Re: Converting Word97 (or later) exported HTML to valid HTML by Corion (Patriarch) on Nov 06, 2001 at 15:50 UTC
Honestly, as I read the title of your node, HTML tidy sprang immediately to my mind, as it even has command line switches used to specifically clean up Office HTML. On that website, there is also code on how to call HTML tidy from Perl, including some proposed error checking which seems mostly geared for Unix.

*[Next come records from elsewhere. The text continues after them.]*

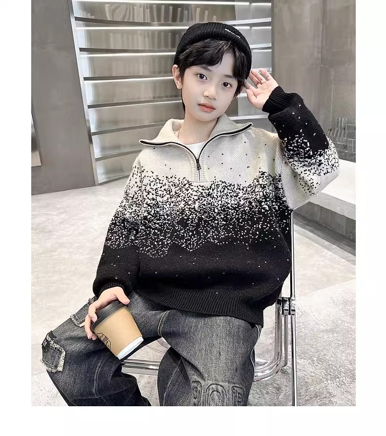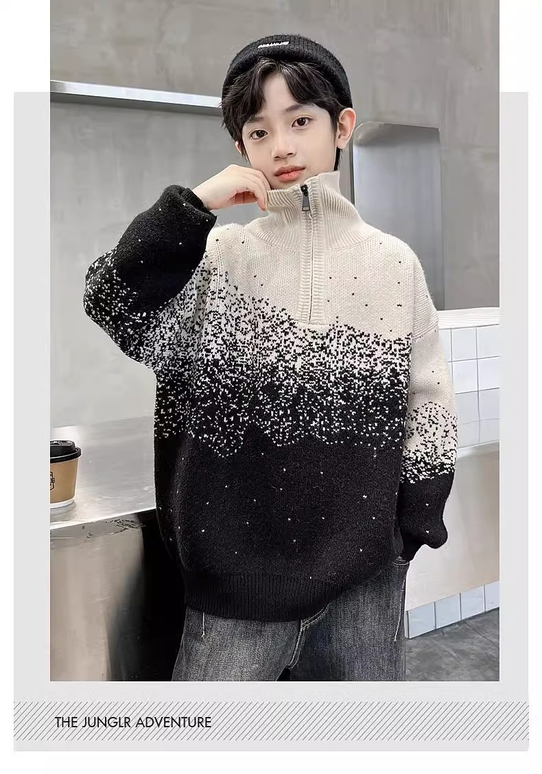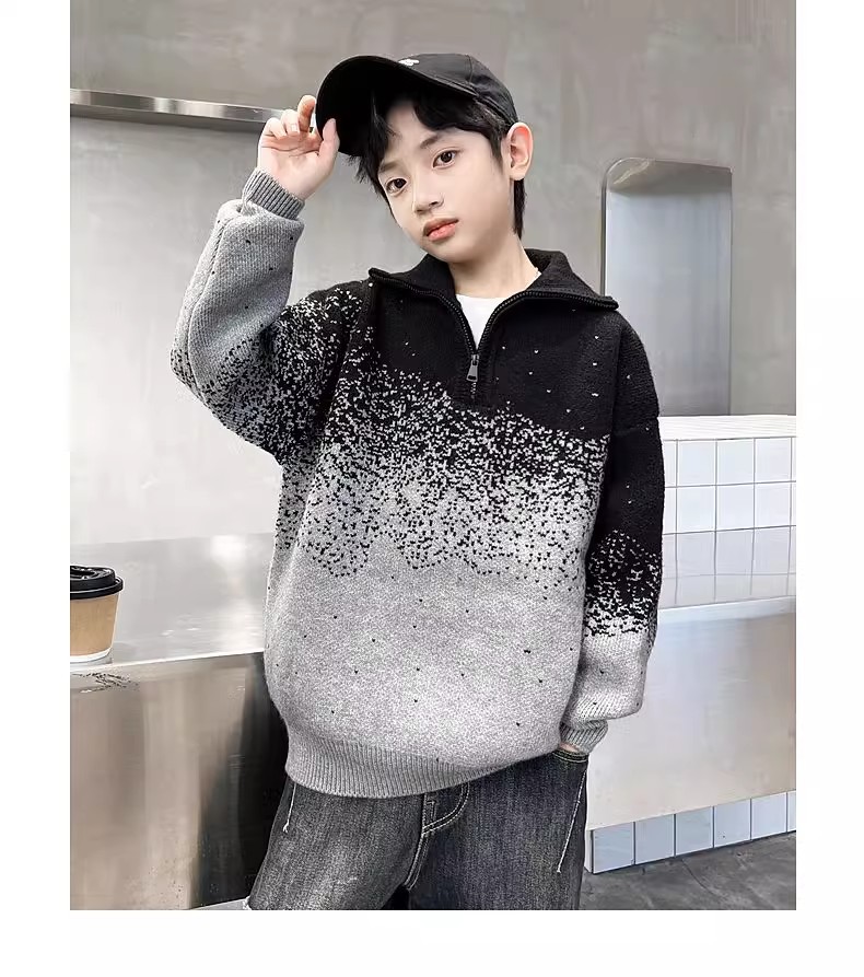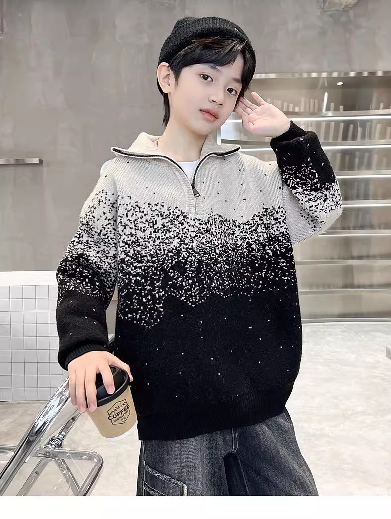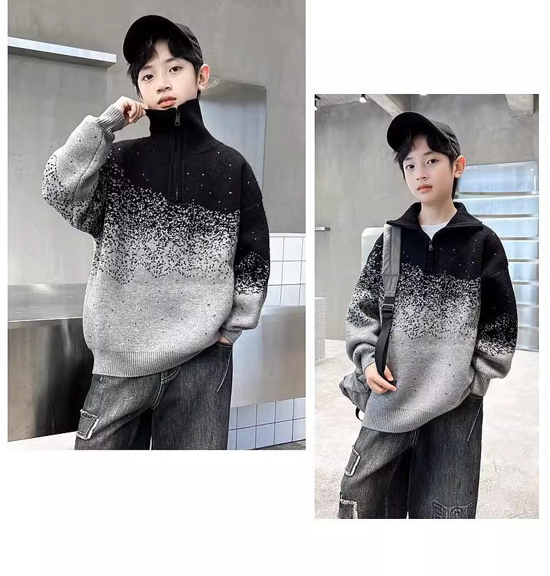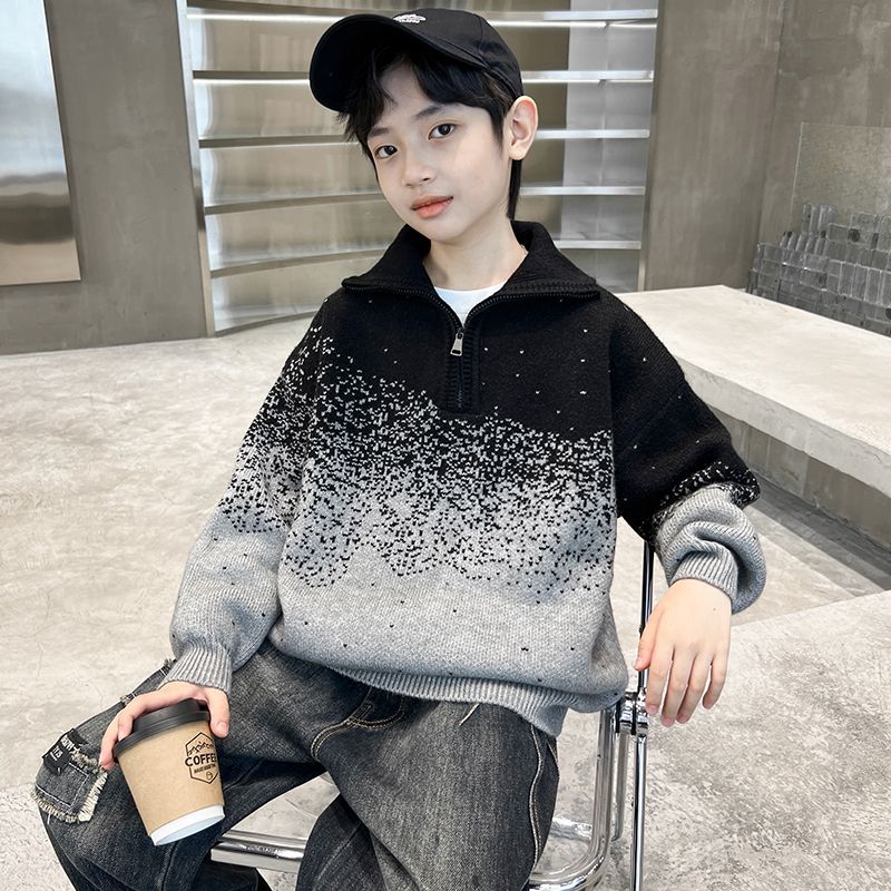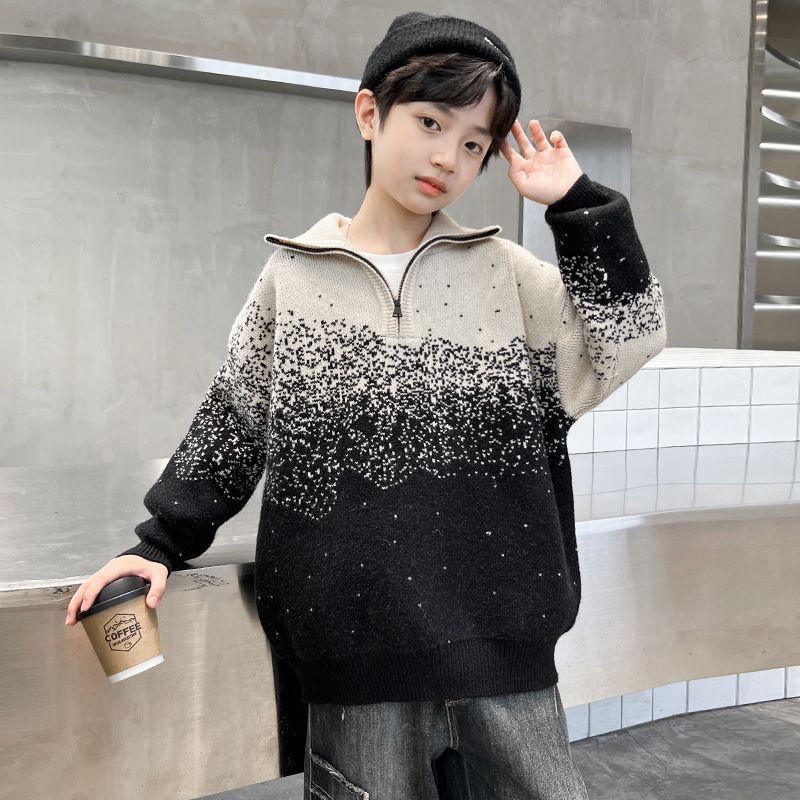 남아용 스웨터 가을 겨울 2024 신상 가을 하이넥 풀오버 니트웨어 중대형 어린이 남아 가을 패션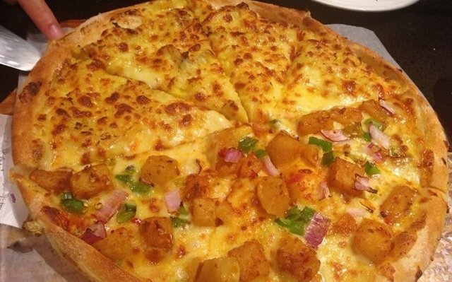 第二次光临喇!6点下班赶紧的过来!没想到等了半个多钟头才有位置!而且位置是在外面!!!没错,你没听错,是在外面!!!外面连个灯都没有,而且蚊子超级多!多!多!!!!跟服务员反馈了,也就那样!直接说要在室内吃!服务员也很爽快的给我们安排座位!提前在外面等位的时候就点餐了!即便坐下来还是要等等等!!!折腾了一个小时才上榴莲披萨,榴莲披萨拼新出的土豆披萨,土豆披萨是有点辣,皮薄,好吃!这次加量榴莲肉,感觉没第一次吃的那么有味道!加量榴莲肉也不见的多!可想而知不加量榴莲会不会基本没榴莲???…查看更多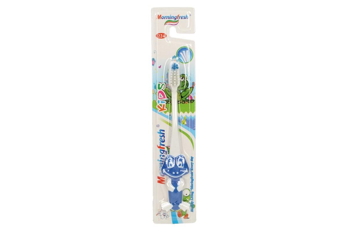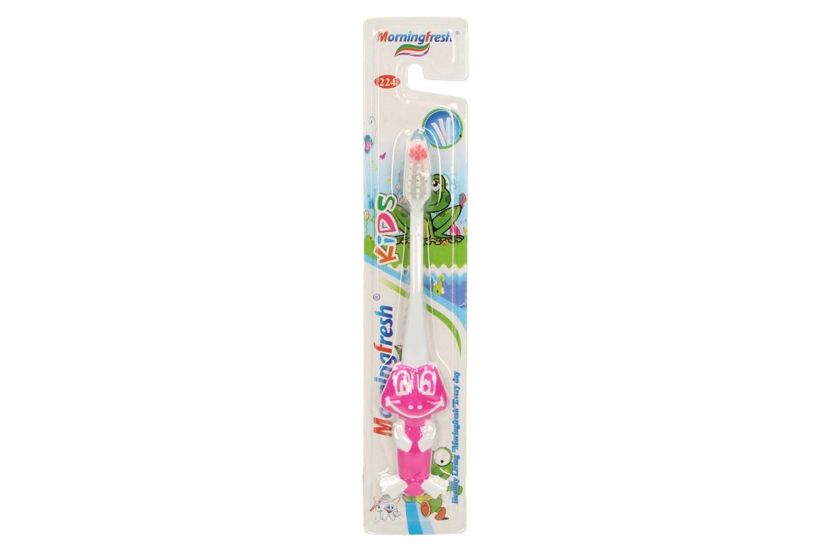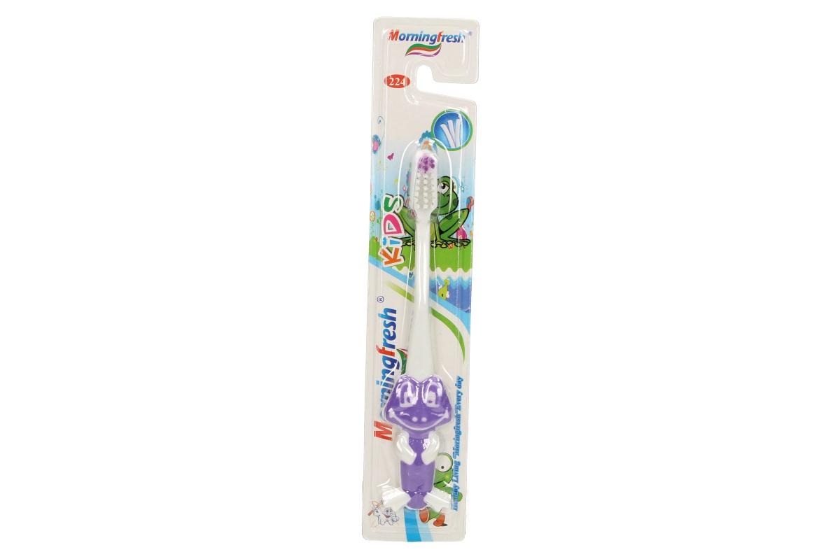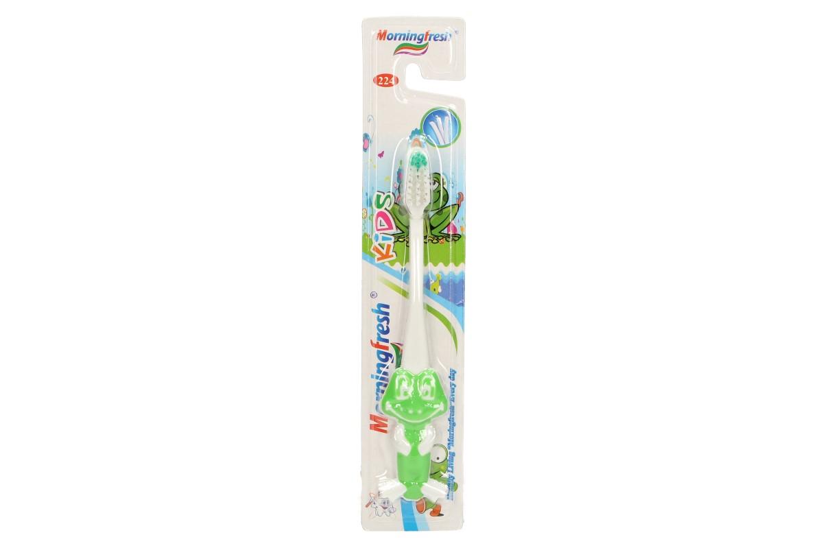 Dětský zubní kartáček žába je vybaven elastickými, gumovými štětinami, které kromě čištění masírují zubní dáseň. Rukojeť tohoto zubního kartáčku je provedena ve formě žáby, která pro dítě dělá čištění zubů fascinujícím herním procesem. Tento model zubního kartáčku je určen pro děti od 2 do 7 let. Od raného dětství je nutné sledovat, jak si vaše dítě čistí chrup a naučit ho jak na to. Tím předejdete problémům spojené se zubními kazy, atd. Dodáváno ve čtyřech barvách: růžová, modrá, zelená a fialová.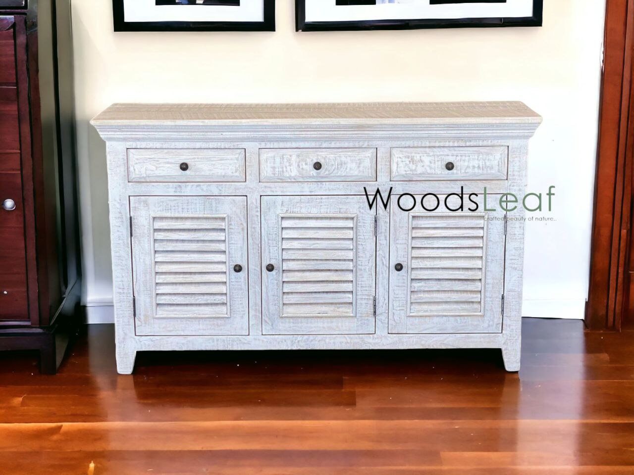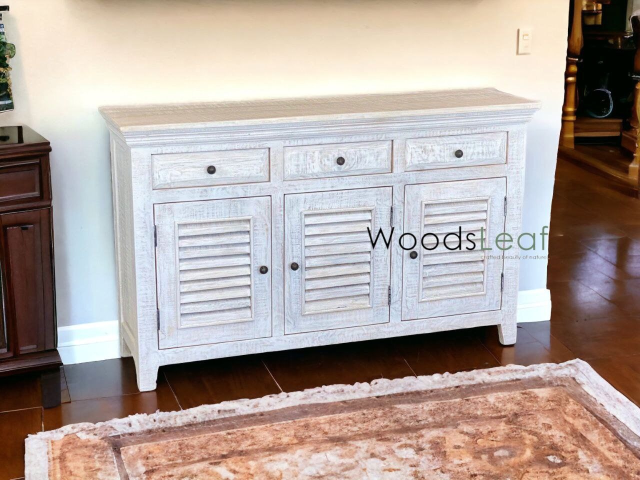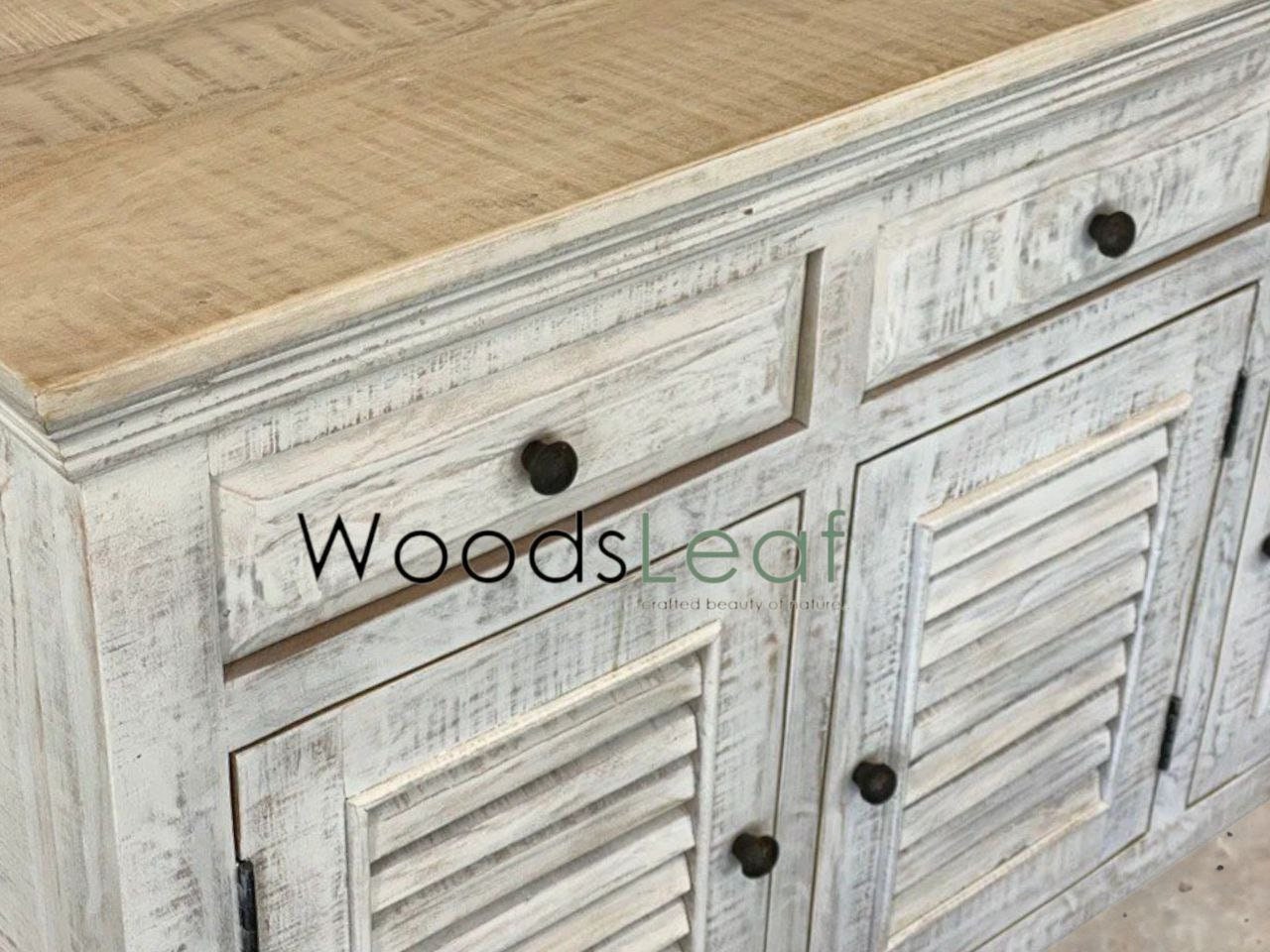 Présentation de notre exquis buffet en manguier sculpté à la main, un meuble intemporel qui allie savoir-faire traditionnel et fonctionnalités personnalisables. Fabriqué à partir de bois de manguier de haute qualité, ce buffet offre une durabilité exceptionnelle et une finition vieillie distinctive, ajoutant une touche de charme rustique à n'importe quel espace.

On the second thought, it is not really clear why they use the code they use, so I'll post it here, together with my replacement : `## This is what I think is needed beforehand : open( TIDY, "html-tidy $commandline\|") or die "Couldn't spawn html-tid +y : $!\n"; my @output; @output = <TIDY>; ## Here begins their code : if (close(TIDY) == 0) { my $exitcode = $? >> 8; if ($exitcode == 1) { printf STDERR "tidy issued warning messages\n"; } elsif ($exitcode == 2) { printf STDERR "tidy issued error messages\n"; } else { die "tidy exited with code: $exitcode\n"; } } else { printf STDERR "tidy detected no errors\n"; }` [download] I think this could simply be done with the following code, but I haven't checked all possible outcomes... `my @output = qx(html-tidy $commandline); my $exitcode = $? >> 8; if ($exitcode == 1) { printf STDERR "tidy issued warning messages\n"; } elsif ($exitcode == 2) { printf STDERR "tidy issued error messages\n"; } else { die "tidy exited with code: $exitcode\n"; }` [download] Wrapping it up, unless you tell us a really convincing reason why html-tidy is not possible (and with not possible I also mean putting html-tidy into a Perl script, writing it out to `/tmp`, starting it there and afterwards deleting the file again), I'll stick with this solution :-) `perl -MHTTP::Daemon -MHTTP::Response -MLWP::Simple -e ' ; # The $d = new HTTP::Daemon and fork and getprint $d->url and exit;#spider ($c = $d->accept())->get_request(); $c->send_response( new #in the HTTP::Response(200,$_,$_,qq(Just another Perl hacker\n))); ' # web` [download]	[reply] [d/l] [select]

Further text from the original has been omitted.